Промышленный НЭП
Шрифт:
— Заканчиваем на сегодня, товарищи, — объявил Сталин. — Товарищ Краснов, вы свободны. Жду вашу записку. Товарищ Орджоникидзе, останьтесь, есть разговор по делам наркомата.
Я собрал свои материалы, поблагодарил за внимание и покинул кабинет, осознавая историческую значимость этой встречи. Сталин проявил интерес к концепции «промышленного НЭПа». Теперь моя задача разработать детальный план, который убедит его и других членов Политбюро в необходимости экономических реформ.
Покидая здание Совнаркома, я уже мысленно составлял список задач, выстраивал аргументацию,
Глава 2
Экономический манифест
Чернильные пятна покрывали пальцы, бумаги и даже край скатерти. Я не покидал письменный стол уже семнадцатый час подряд, только изредка вставая, чтобы размять затекшие ноги или заварить еще одну порцию крепкого чая в эмалированном чайнике.
Моя квартира в Москве, хранила странную смесь времен. Солидный дубовый письменный стол явно помнил еще царские времена, как и несколько томов Ключевского и Соловьева, соседствующих на полке с работами Маркса, Ленина и последними речами Сталина. В углу громоздился тяжелый кожаный саквояж, подарок от Ипатьева. На стене единственное украшение, схематическая карта СССР, испещренная карандашными пометками.

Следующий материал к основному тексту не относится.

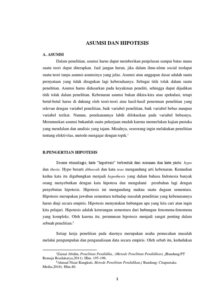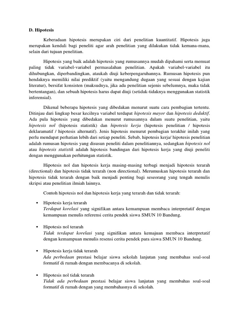 Ketika menulis karya tulis ilmiah, maka ada satu bagian yang nggak boleh terlewatkan yakni hipotesis penelitian. Contoh hipotesis komplek antara lain: Ambil contoh studi di indonesia tentang tingkat aktivitas siswa di luar kelas dan indeks prestasi. Sama halnya dengan karakteristik yang dimilikinya, sebuah hipotesis penelitian ilmiah harus bisa menjelaskan suatu fakta secara sederhana. Perlu diingat bahwa penelitian yang disajikan hanyalah salah satu contoh tujuan pembelajaran. Contoh hipotesis 2.4 hipotesis dalam sebuah metode ilmiah, setiap penelitian terhadap suatu objek hendaknya memiliki acuan hipotesis, yang berfungsi sebagai jawaban sementara yang masih harus dibuktikan kebenaran atau kesahihannnya dengan menggunakan data hasil observasi. Hipotesis adalah salah satu unsur penting dalam penelitian, terutama penelitian jenis kuantitatif. Contoh hipotesis berikut akan menunjukkan bentuk keseluruhan antara hipotesis dengan penelitian. Contoh hipotesis penelitian asosiatif contoh hipotesis penelitian asosiatif. Contoh ketiga ini, kita akan kembali membahas tentang hipotesis penelitian sosial dengan dua variabel dalam topik riset yang sama seperti di contoh pertama dana kedua. Beberapa hipotesis yang dipaparkan ini juga sering digunakan dalam penelitian sosial untuk mencari kausalitas atau sebab terjadinya fenomena sosial tertentu. Hipotesis berikutnya harus dibuktikan dahulu dengan cara pengumpulan data yang kemudian dianalisis untuk. Seorang peneliti bermaksud melakukan penelitian terhadap salah satu film yang ada di televisi, yakni film suara hati seorang istri.

Я перечитал последние страницы записки и недовольно поморщился. Даже на пятом черновике все звучало слишком дерзко. Но время требовало именно смелых шагов.
— План первой пятилетки не выдержит столкновения с реальностью, — пробормотал я, черкая на полях. — Без экономических стимулов и хозяйственной гибкости мы получим не рост, а дисбаланс…
Знания из будущего давали мне преимущество, которое порой казалось нечестным. Я точно помнил, к чему приведет сверхцентрализация управления, пренебрежение экономическими законами, игнорирование материальной заинтересованности работников.
Помнил последствия раскулачивания, массовой коллективизации, резкой отмены НЭПа. Помнил голод, репрессии, растраченный потенциал. И понимал, что имею шанс предотвратить эти трагедии.
Окно слегка запотело, наступало утро. За стеной кто-то громко включил радиоточку, диктор бодрым голосом рапортовал об успехах передовиков Урала.
Я перечитал основные положения моего «промышленного НЭПа»:
'1. Сохранение государственной собственности на крупную промышленность, но введение полного хозрасчета. Предприятия получают широкую оперативную свободу в рамках государственного плана. Директора несут полную ответственность за выполнение плановых показателей, но свободны в выборе методов достижения целей.
2. Ориентация на рентабельность. Убыточные предприятия переводятся под особый режим управления, их руководство заменяется.
3. Материальное стимулирование работников всех уровней, от рабочих до директоров. Премиальный фонд формируется из части сверхплановой прибыли.
4. Разрешение частного предпринимательства в легкой промышленности, сфере услуг и торговле при строгом государственном регулировании и прогрессивном налогообложении.
5.
6. Создание советских акционерных обществ с контрольным пакетом у государства как новой формы организации производства.
7. Сохранение государственного планирования, но с большей гибкостью, акцентом на ключевые показатели, а не детальную микрорегламентацию.'
Особо выделил пункт о приоритетном финансировании оборонной промышленности. Этот аргумент мог стать решающим при обсуждении с консерваторами.
Звонок телефона прозвучал как выстрел. В столь ранний час это могло означать только одно, что звонят из Кремля.
— Товарищ Краснов? — раздался в трубке низкий голос. — Товарищ Сталин ожидает вас с докладом сегодня в восемнадцать часов. Список приглашенных — шесть человек. Высший уровень секретности.
— Понял вас, — ответил я, пытаясь скрыть волнение. — Буду точно в назначенное время.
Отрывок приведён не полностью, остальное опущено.